Key Points of Interest
(see additional details in the complete complaint)
After Livingstone Exits Day-To-Day Operations, Tough Mudder Falters
After Livingstone ceased his involvement in TMI’s operations (editor's note: 2013), TMI suffered a continuous and precipitous financial decline. For example, in 2012 – the last full year of Livingstone’s involvement in TMI’s operations and management – TMI posted a yearly profit of approximately $10 million. In 2013 – the year of Livingstone’s departure – TMI’s yearly profit fell to $4 million. Since 2013, TMI has posted a yearly loss in every calendar year except for 2015, when it posted a small profit.
Active Network Extends Nearly $18 Million in Credit to Tough Mudder
TMI and Active 18. In 2017, Active extended credit to TMI by advancing approximately $10 million in cash to TMI, pursuant to an “Active Exchange” agreement, a ticket pre-purchase agreement extended, upon information and belief, to some of Active’s largest customers.

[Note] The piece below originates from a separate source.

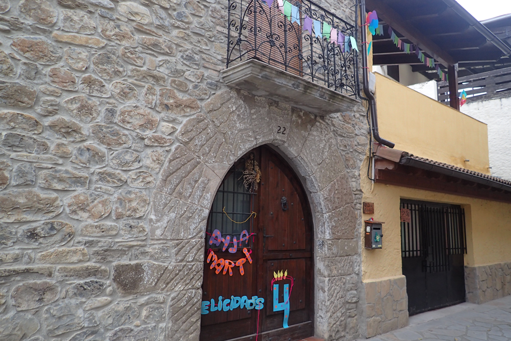 https://dosperegrinos.net/2018/11/15/tercera-peregrinacin-22%ef%bc%8811-14-santa-cillia%ef%bd%9ebertn%ef%bc%89//images/2018/11/clip_image015-21-644x430.png/images/2018/11/clip_image015-21-150x150.pngカタルーニャの道 Camino CatalánCamino,Catalan,Santiago,カタルーニャ,カタロニア,サンティアゴ,巡礼16.2㎞ 29,600歩 設定を変えていなかったので6時半に目覚ましが鳴る。しかし朝食は9時からなのであらためて7時半に目覚ましをセットして寝直す。鳴る前に起きてしまったが。 出発の準備を全て済ませて、9時前に出かけ、村の中を少しだけ散策する。静かできれいな家並み。 4歳の誕生日を祝う飾りつけをした家があった。 9時にBar Ascasoに行くと、主人が迎えてくれる。テーブルに朝食がセットされている。Café con leche、オレンジジュース、トーストにバターとジャム、マフィン。最も簡素な部類だが、トーストは焼き立てを持ってきてくれるのがありがたい。食後勘定を済ませる。1泊2食で66€。 部屋に戻って荷物を背負い、Barにもう一度行って鍵を返す。ここのBarは客が来ないのかと思っていたら、数人の客が入っていた。 ここの主人、昨日着いた時には「役立たずのぐうたらおやじ」という印象だったが、昨夜と今朝はテキパキと効率的に仕事をこなす人という感じ。第一印象とこんなに違う人も珍しい。 ペレグリーノ像で記念撮影し、泊まった宿(写真中央)を振り返って出発したのは10時近かった。 Puente la Reina de Jacaまでの道は殆どが国道に沿った田舎道。坂もなく非常に楽。 黄金色に黄葉した林が美しい。 Centro de Vacaciones。入口のBarは営業中のようだが、中のキャンプ場は閉まっている模様。 Caminoを示す矢印が国道から左にそれる道に導くが、行ってみると茨が生い茂っていてとても抜けられないので国道に引き返す。 Santiagoまで809.1㎞の標識がある。私たちは今回ははるか手前までしか行かない。 Puente la Reina de Jacaが近づいて国道からアラゴン川の方へ下ると、賽の河原のように石を積んだのが無数にある。Peregrinoたちが積んで行ったのだろう。 Puente la Reina de Jaca。これはオリジナルではなく1880年に架けられたもの。大型トラックが通っていた。今回の私たちの道の終点であるPuente la Reinaにはオリジナルのものが残っている。 橋を渡って町に入ったところにBarがあるが、閉まっている。 少し先にMesón AnayaとHotel Anayaがある。ここは当初泊まる予定にしていたところだが、今朝発ったSanta Ciliaから6㎞ほどと、あまりにも近いのでやめたホテル。Mesónは営業中だったので入る。するとここのCamareroは、ハーフですから日本語で大丈夫です、と言ってくる。父親が日本人、母親がスペイン人で、日本の高校と大学を出、スペイン人と結婚してこの町に暮らしているとのこと。日本人がここを通りかかることはほとんどないそうだ。トルティーヤで軽いお昼にする。 ここからは国道を歩くことになる。歩道はない上に車は100㎞近いスピードで走るので、ちょっと怖い。私たちが歩いていると車は反対車線まで避けてくれるのだが。 やっと国道から脇道に逸れたと思ったら、途中で道が水没して池になっている。国道に引き返して進む。 殆どが黄葉なのだが、たまに紅葉がある。 丈の低いものだが、素晴らしい色になっているのもある。 振り返ると昨日訪れた修道院のあった山が遠望できる。 今日の目的地、Bertúnの町が見えてくる。まだ恐らく6~7㎞先だろう。 ほとんど直線道路なので、なおさらなかなか近づかないように感じる。 麓にたどり着くと、 複雑に曲がる急坂を上り教会へ。 そのすぐ前が今日の宿、Hostal Rincón de Emilio。案内された部屋は昔ながらのHostalそのものと言った感じ。 Barに降りてコーヒーを飲みながらWiFiをつないで明日の宿を探す。Casa Ruralが2軒あるが、電話を何度かけてもどちらも出ない。Albergueがあるので、調べてみたら暖房があるとのことなので、そこに泊まることにする。電話をかけるが誰も出ないので、メールで連絡しておく。返事が来れば安心なのだが。 町の中を散策してみる。 彼方に先ほど歩いてきた真っ直ぐの道が見える。 職人が切り落としているそばで子供たちが葉のついた枝で遊んでいる。 町の反対側から見ると、アラゴン川が運んできて堆積したのか、灰色の、雨が降るとねちょねちょになって私たちを苦しめる土が丘のように連なっている。 この町には古い家が多く、きれいに使われているものと廃屋のようになっているものが混在している。 部屋に戻ってシャワー、日記書き。 20時から下のBarで夕食。 注文した後、薪の燃えている炉のところに行ってPollo Asadoもここで作るのかと聞くと、そうだけど今日はPolloはない、明日仕入れるとのこと。私の注文したPolloはasadoではないと言うことか。 キノコのステーキ。ニンニクがよく効いていて美味しいが、塩のかけ過ぎ。 魚介とマカロニのスープ。スペインでは珍しく熱々。これは美味しい。 Polloは昨夜と同様、煮込みだった。asadoではなく、残念。しかも昨日の方が美味しい。 サーモンのステーキ

Under that agreement, Active “pre-purchased” tickets for future TMI events. TMI was obligated to repay approximately $12 million to Active. In early 2018, and despite the fact that TMI had not paid back the existing credit, Active extended an additional $3 million in credit to TMI through the “pre-purchase” of tickets for TMI events. 20. Active made additional extensions of credit throughout 2018 such that, towards the end of that year, it had extended a total of approximately $18 million in credit to TMI through the ticket “pre-purchase” program
Tough Mudder Inc. misses payments to Livingstone in 2017, 2018, & 2019
…TMI was obligated to pay to Livingstone all accrued Extension Payments and obligated to commence paying all Extension Payments on the agreed-to schedule.
38. Despite these obligations, TMI has failed to make Extension Payments to Livingstone, in an amount not less than $314,084.

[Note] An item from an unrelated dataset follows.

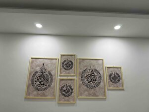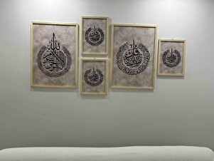Ahşap Çerçeveli 5 Parça İslami Tablo Seti Ayetel Kursi Nas Felak İhlas Kafirun Sureleri Ahşap Çerçeveli 5 Parça İslami Tablo Seti Ayetel Kursi Nas Felak İhlas Kafirun Sureleri 5liSurah 100 x 180

39. Additionally, the terms of the Redemption Agreement require TMI to pay for, or reimburse Livingstone for, the cost of Livingstone’s operation of a cellular telephone in the United States. Beginning in December, 2018, TMI ceased paying for, or reimbursing, this expense.
40. Finally, the terms of the Redemption Agreement require TMI to make a $12,000 annual payment to Livingstone, due on January 15 of each year. TMI failed to make this payment in 2019.
41. On or about August 15, 2018, Livingstone and TMI entered into a Promissory Note (the “Note”), with TMI as the obligor and Livingstone as the Payee. The Note is for the principal amount of $3,000,000.